A design team met with 400 residents over 10 months to avoid that mistake in planning for the St. Helena school, Washington said.

What residents wanted most, Jenkins Marchel learned, was a return to a community learning style in which students interact with local residents and businesses — and a school that communicates closely with parents. They also wanted to see the schooling impart the value islanders have for the seaside landscape and their traditions so children can see themselves living there “for their entire lives,” if they choose, Jenkins Marchel said.

Facilities focus on community, too

The physical set up of Sea Islands Heritage Academy will be different. Different ages of students, for example, will sharing classrooms to facilitate learning.

The academy also is working with a national charter school facilities development organization called Building Hope to design a campus that looks and feels like a family compound with multiple buildings.

Sea Islands Heritage Academy is in the process of closing on a parcel of land on St. Helena Island that will become its permanent home, with a projected opening for the 2026 school year. This is a design of the proposed facility.
Sea Islands Heritage Academy is in the process of closing on a parcel of land on St. Helena Island that will become its permanent home, with a projected opening for the 2026 school year. This is a design of the proposed facility.

The school is in the process of closing on the purchase of land along Sea Island Parkway on St. Helena where the permanent campus facilities will be constructed and ready for use in January 2026.
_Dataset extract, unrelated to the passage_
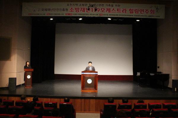 국제재난안전진흥원이 주최하고 포천소방서와 공동 주관한 이번 연주회는 박윤국 포천시장, 박용호 포천소방서장, 포천지역 소방관 및 재난관련 가족 등 250여 명이 참여하였으며, 소방재난 119오케스트라와 국립창극단의 연주를 통해 소방공무원 및 소방가족분들의 지친 심신을 치유할 수 있는 자리가 됐다..

In the meantime, while the permanent campus is under development, a temporary site with modular units that can serve up to 126 students has been approved at Grace Chapel AME Church on Lady’s Island.

During the first year, the school is accepting 6th and 7th graders but a grade level will be added each year thereafter with the eventual goal of serving 500 students in grades 6-12 at the new St. Helena Island facility.

‘My forever home’

Jenkins Marchel decided to move from New York to the Lowcountry in the first place after the 2018 death of her grandfather, who was born in South Carolina’s Whitehall area, a place she had visited while growing up in New York. She drew a 60-mile radius around Savannah and soon found herself driving along Martin Luther King Jr. Drive on St. Helena Island, past the live oaks nearly as old as the country. She stopped at a church where a woman was selling plates of fish and rice and beans. She passed the historic Penn Center, one of the country’s first schools for freed slaves — and where King would retreat in the 1960s to re-energize during the Civil Rights period. Jenkins Marchel was awestruck. “I said, ‘This is my forever home.’”

Martin Luther King Jr. Drive on St. Helena Island.
Martin Luther King Jr. Drive on St. Helena Island.

On May 26, she closed on a house purchase. The closing, by chance, happened to fall on the weekend of the Original Gullah Festival in Beaufort. Jenkins Marchel heard Aunt Pearlie Sue of the Gullah Kinfolk Traveling Theater — the creation of Anita Singleton-Prather, a Sea Islands native know as the “keeper of the culture” — entertaining audiences with Gullah-flavored stories. The timing of the purchase with the festival affirmed her decision.

A few years later, Jenkins Marchel was sitting on the porch of her St. Helena Island home hatching an idea for a new charter school that, in its own right, would celebrate Gullah/Geechee heritage.